* [TASK ITEM]: The expected response is the full listing, retyped exactly, without its images.

##### DATA SEGMENT #####

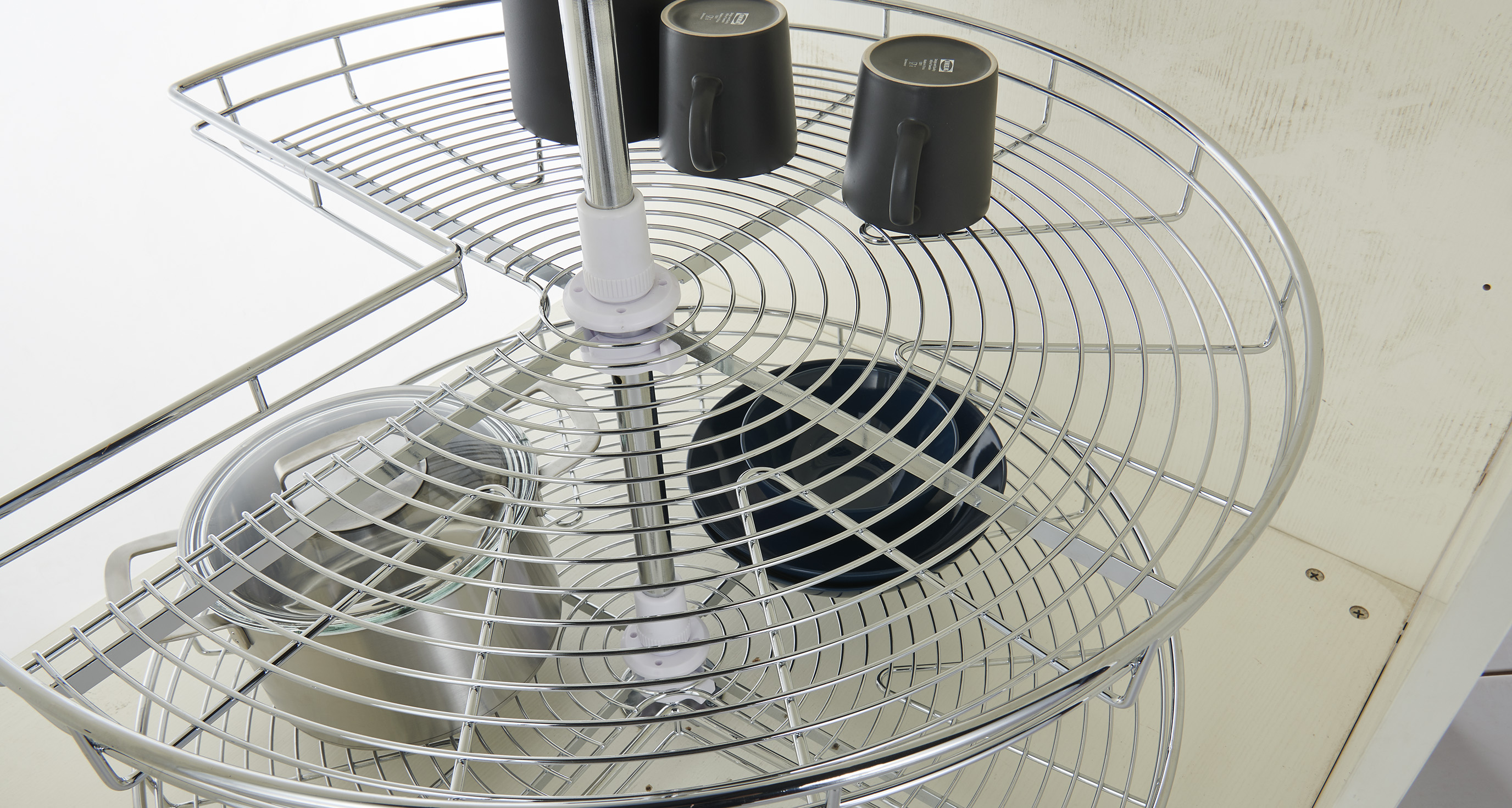 The 270 Degree Swivel Basket is designed to transform hard-to-reach corner cabinets into practical and accessible storage spaces. Featuring a wide rotating angle and kidney-shaped basket structure, this solution provides smoother access and larger storage capacity compared with traditional corner organizers.
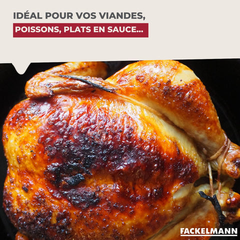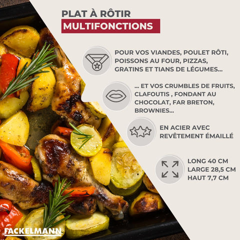 Découvrez le plat à rôtir en acier émaillé Fackelmann, parfait pour vos viandes, poissons et recettes sucrées. Résistant jusqu'à 250°, compatible congélateur et lave-vaisselle pour un nettoyage facile.
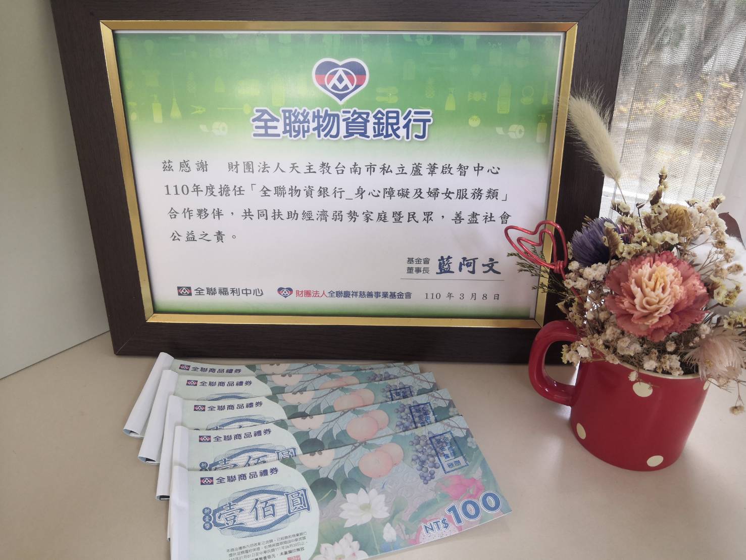 蘆葦於110年再度獲得「全聯慶祥慈善事業基金會」肯定!通過基金會辦理之「全聯物資銀行」專案,今年度基金會捐贈22萬元全聯商品禮卷,預計提供中心所服務之80戶身障家庭生活物資所需,除藉此減輕身障家庭生活支出,更使受助者在受助過程可自立自主的選擇生活所需。
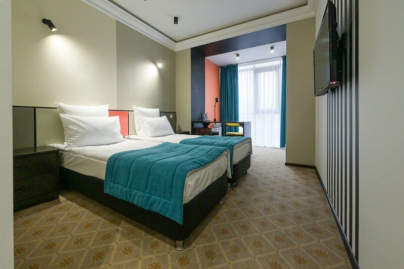 - очень чистый номер, есть халаты, тапочки, все косметические принадлежности. Мой номер выходил на ул.Волгоградскую, поездов не слышала вообще;

#####

* [WRITTEN SOLUTION]:
 The 270 Degree Swivel Basket is designed to transform hard-to-reach corner cabinets into practical and accessible storage spaces. Featuring a wide rotating angle and kidney-shaped basket structure, this solution provides smoother access and larger storage capacity compared with traditional corner organizers.
 Découvrez le plat à rôtir en acier émaillé Fackelmann, parfait pour vos viandes, poissons et recettes sucrées. Résistant jusqu'à 250°, compatible congélateur et lave-vaisselle pour un nettoyage facile.
 蘆葦於110年再度獲得「全聯慶祥慈善事業基金會」肯定!通過基金會辦理之「全聯物資銀行」專案,今年度基金會捐贈22萬元全聯商品禮卷,預計提供中心所服務之80戶身障家庭生活物資所需,除藉此減輕身障家庭生活支出,更使受助者在受助過程可自立自主的選擇生活所需。
 - очень чистый номер, есть халаты, тапочки, все косметические принадлежности. Мой номер выходил на ул.Волгоградскую, поездов не слышала вообще;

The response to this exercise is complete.